**Task objective**
Quote exactly and only this range of lines in the data below: the line that holds "Samling utenfor Domus" to the line that holds "uitgevoerd in dezelfde", both included.

**Extracted information**
::::::
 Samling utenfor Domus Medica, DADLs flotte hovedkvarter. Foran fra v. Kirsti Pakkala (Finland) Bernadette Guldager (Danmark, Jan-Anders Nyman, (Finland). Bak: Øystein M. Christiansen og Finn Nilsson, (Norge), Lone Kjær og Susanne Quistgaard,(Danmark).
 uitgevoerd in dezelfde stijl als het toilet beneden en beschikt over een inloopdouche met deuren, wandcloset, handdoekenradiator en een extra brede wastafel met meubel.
::::::
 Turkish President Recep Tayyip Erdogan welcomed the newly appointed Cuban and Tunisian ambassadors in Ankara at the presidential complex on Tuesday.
::::::
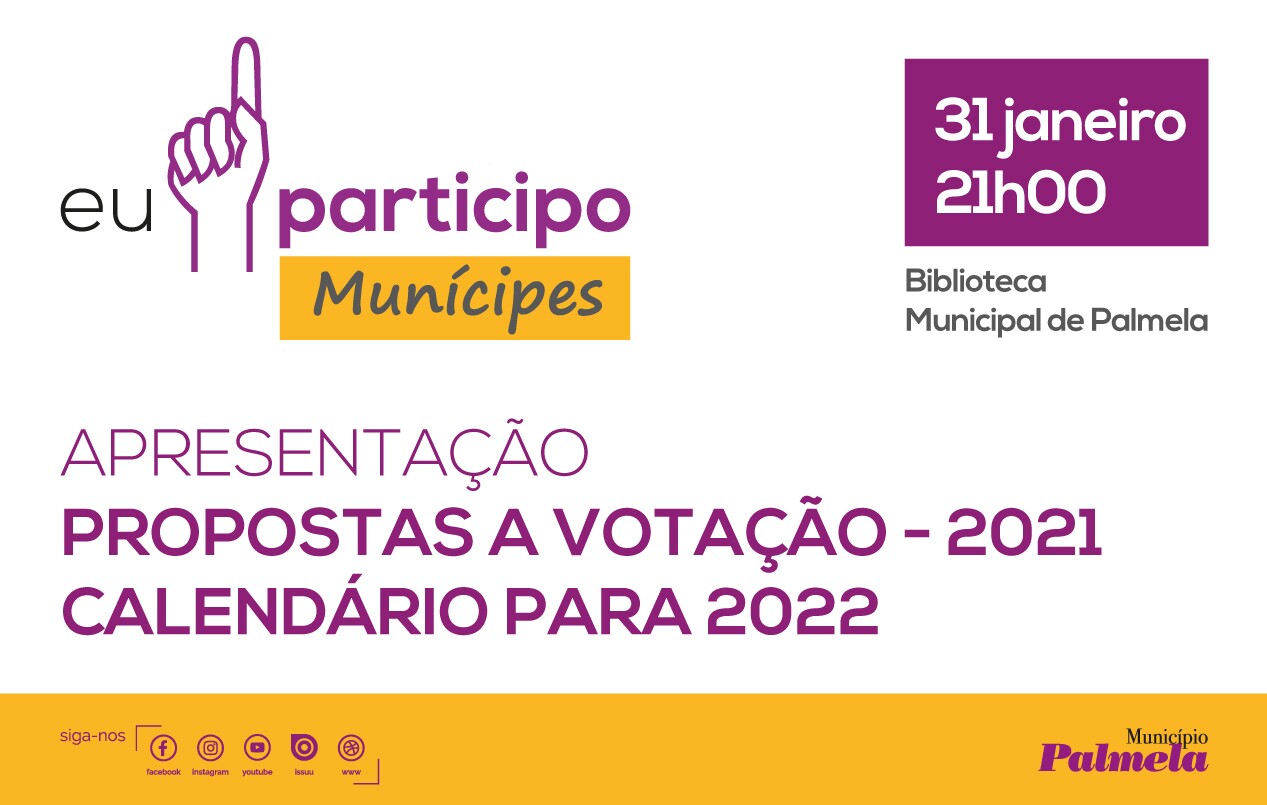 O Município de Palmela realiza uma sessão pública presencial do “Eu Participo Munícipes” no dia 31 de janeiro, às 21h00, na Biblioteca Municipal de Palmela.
::::::
**Result for this task**
 Samling utenfor Domus Medica, DADLs flotte hovedkvarter. Foran fra v. Kirsti Pakkala (Finland) Bernadette Guldager (Danmark, Jan-Anders Nyman, (Finland). Bak: Øystein M. Christiansen og Finn Nilsson, (Norge), Lone Kjær og Susanne Quistgaard,(Danmark).
 uitgevoerd in dezelfde stijl als het toilet beneden en beschikt over een inloopdouche met deuren, wandcloset, handdoekenradiator en een extra brede wastafel met meubel.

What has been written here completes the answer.